The look in his eyes said not to argue. Truth was, she didn’t have any argument left in her. “I’m easy. Anything is fine.” She reached for her purse, but Luca was already out of the car and jogging across the parking lot.
CHAPTER ELEVEN
They ate and watched the home Brooke’s father was in.
Slowly, Luca noticed the fringes of nerves that Brooke seemed to have dangling from her fingertips start to fade. Food truly had a way of healing.
Luca took their quiet moments as an opportunity to digest all the tidbits of information she’d revealed, which left him with questions. Some he would dance around, and others he flat out asked.
“How long has your dad been in there?”
“Four days,” she answered between bites. “I moved him in the first night I stayed in my apartment.”
She’d looked tired that night, too, as he remembered it. He wasn’t sure he’d actually seen her wide awake.
“Where was he before?” He took a bite of his sandwich and waited for her answer.
“A nursing home recovering from surgery.” Brooke looked at her sandwich, then back out the window. “He had a stroke a couple of years ago. We managed to get him back to being independent.” She faked a laugh. “At least I thought we had.”
“We? Was that you and the ex?”
Brooke laughed for real this time. “Yeah . . . no. We as in the physical therapist, occupational therapist, speech therapist, rehab center. It was exhausting and took a long time. All Marshall did was bitch about me being gone.” She took a bite and shook her head. “I should have known then.”
“Known what?”
“That we wouldn’t last.” She kept shaking her head. “Anyway, I had to liquidate my dad’s business and try and put some money in his account. You don’t get married and divorced four times and have a whole heck of a lot later in life.”
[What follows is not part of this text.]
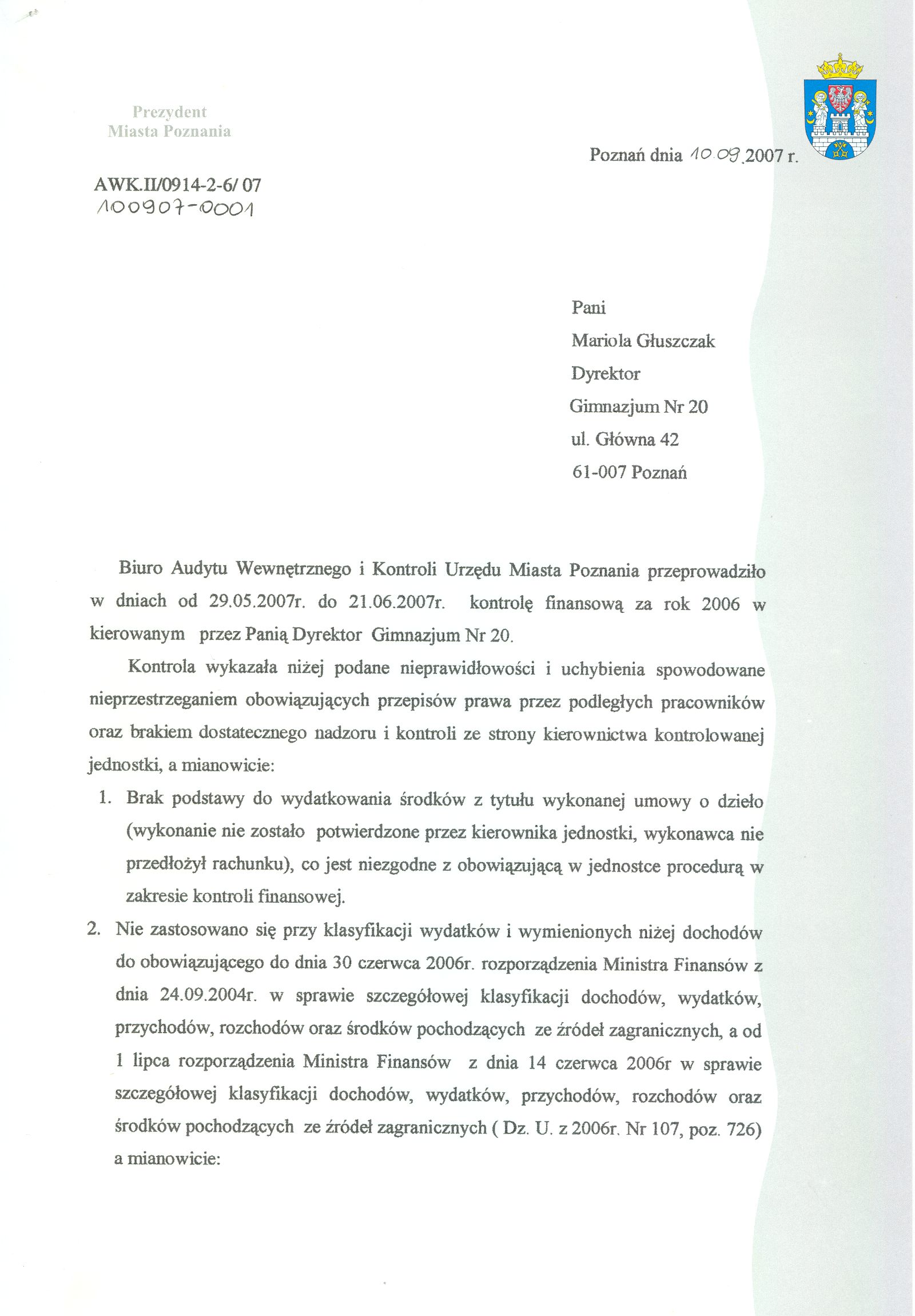 Kontrola: AWK.II/0914-2-6/07

“I can imagine.” One divorce and Luca had learned his lesson.
“After I nursed him to some kind of new normal, I finally returned home.”
“Where was home?” Luca asked.
“Seattle.”
“You commuted from Seattle?”
“No. I gave up my life to give my dad what he needed. I went home a couple of times, but basically stayed at my dad’s place the whole time.”
“That doesn’t sound easy.”
“Life is never easy.” She twisted the cap off her bottle of water, took a drink. “I just couldn’t make the trip back and forth like I’d planned. If I’m honest, I was happy for the break. But we talked on the phone. I knew Dad wasn’t doing that great, but everyone was struggling these past few years, ya know?”
“I know,” Luca said.
Brooke looked at her sandwich, then lowered her hands to her lap as if giving up on the effort to even eat. “A few months ago I got another call. He’s sick and needs surgery. I get here and everything is a mess. The condo is in disrepair, things are broken, and it’s pretty obvious that my dad wasn’t taking care of himself for a while. I find this damn car in the garage. Who the hell sells a brand-new car to a man on a fixed income that can’t even afford his own place to live? And what the hell was my dad thinking buying the thing in the first place? I was pissed, but since he was trying to die, I let it go. Bigger fish to fry and all that.”